Edelmetall, ETF, Papiergold
Edelmetall, das in Form von Wertpapieren gehandelt wird, bezeichnet man auch als Papier-Gold oder Papier-Silber (Foto: Sebastian Kaulitzki – Fotolia.com)

Auch diese Woche sanken die Metall-Bestände der beiden großen Edelmetall-ETFs. Aus dem GLD wurden in diesem Jahr schon 7,5 Milliarden Dollar abgezogen.

Edelmetall-ETF

Der größte Gold-ETF, SPDR Gold Shares (GLD), verzeichnete in dieser Woche erneut Abgaben bei den Metallbeständen. Das heißt, es ist weiteres Investoren-Kapital aus dem Fonds abgeflossen.

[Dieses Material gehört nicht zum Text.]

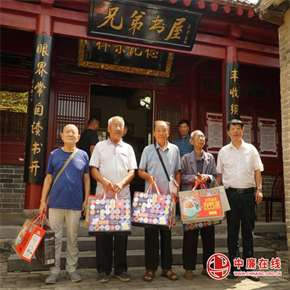 杨家卿回到家乡第一站,便直奔今年七十八岁的王建邦先生住处,同行的本村老一代中医学家杨医亚的长子杨光屹,1968年从北京66中毕业,作为知青下放到原籍任民办教师。他们同属一个生产队,两家相距不出50米,两位年近八旬的老人多年未见自然百感交集。王建邦先生上世纪70年代末考入开封师范学院中文系学习,具有扎实的文学理论功底,是安乐寨村地道的文化人。几十年来,村里上报的各类材料,几乎全是出自他手。被评为“全国服务农民服务基层文化建设先进集体”的兄弟书屋和其它国家、省、市、县所需材料都由他执笔。《司马懿得胜鼓》《司马懿传说》《杨四将军传说》等省、市级非物质文化遗产及各类申报材料是他撰写。近年来他老当益壮,学习掌握了自媒体,利用手机微信、抖音等现代科技,不遗余力宣传司马懿故里的经济社会、历史文化、风土人情和各类先进典型,记录宣传村里村外的大事喜事和发展变化,受到了乡亲们的广泛好评。可以说,这些年安乐寨村在外文化影响,王建邦付出的贡献功不可没。他还经常为司马故里展览馆、兄弟书屋、村史馆、杨碾旧居等作义务讲解员,前往参观的各级领导、专家和职工群众,对他给予很高的评价。出于对这位文化长者的敬重之意,杨家卿特向其赠送了鲜花、著作和礼物。84岁的王建堂老师,曾在温县几所中学任数学老师,由于近期患脑梗,行动不变,杨家卿带着礼品到家中登门拜看。王建堂虽然语言迟缓,反应不大灵敏,但看到五十多年前的学生时还能直呼其名。90高龄的残疾人王京大,目前是村中男性年龄最大者之一。他在六七岁时,右腿截肢,但他身残志不残,靠自学成才,具有多种文化爱好和特长。上世纪六七十年代,他在自家培养了村里不少裁缝,对书法、绘画、算盘、蔬菜栽培等样样皆能手,对村里的文化掌故、历史变迁、人事更迭,如数家珍。杨家卿向他赠送了书籍,他还对杨家卿曾为他办理残疾证,与市县有关部门沟通解决深表谢意。杨碾旧居为河南省传统村落保护单位一一安乐寨九号院,这里被乡贤誉为“小院不大 处处文化”。杨家卿的长兄、退休老职工、荣获“全国最美家庭”首席代表杨家风默默的守护20多年。院里两棵百年石榴树、北方栾树列入国家林业部门认定的三级古树名木,飘香的桂花和翠绿茁壮的刚竹令人陶醉。89岁高龄的杨树茂老师在院里向离开村子50多年的杨光屹介绍,杨碾是我们村里古时文化人的突出代表,这一族人辈辈都出有人才。他还当众说到,我教家卿语文课时,他的成绩每次考试都是班里和年级第一名。现在杨碾旧居与兄弟书屋均为省保单位、省家风家教示范基地,可谓双璧辉映、珠联璧合,成为安乐寨村的重要文化标识。

Denn mit gemeldeten 1.037,50 Tonnen Gold ging das Inventar des GLD per 31. März 2021 um weitere 0,5 Prozent oder 5,5 Tonnen zurück.

Weitere $ 438 Mio. abgezogen

Diese Entnahme entsprach Netto-Kapitalabflüssen im Umfang von 438 Millionen US-Dollar. Außerdem war dies im Rahmen unserer regelmäßigen Bestandsaufnahme der dreizehnte wöchentliche Bestandsrückgang. Und: Seit dem 1. Januar 2021 zogen Investoren netto bereits 7,5 Milliarden US-Dollar ab.

Gold, Silber, ETF, GLD, SLV, Bestände

Silber-ETF SLV

Auch beim größten Silber-Fonds, dem iShares Silver Trust (SLV) ergaben sich zuletzt weiter Metall-Abflüsse. Denn zuletzt meldete der Betreiber Silber-Bestände von 17.888,36 Tonnen. Somit sind es knapp 1,3 Prozent oder 232 Tonnen weniger als vor einer Woche.

Jeder Anteil dieses ETFs ist offiziell mit einer Unze Silber physisch hinterlegt.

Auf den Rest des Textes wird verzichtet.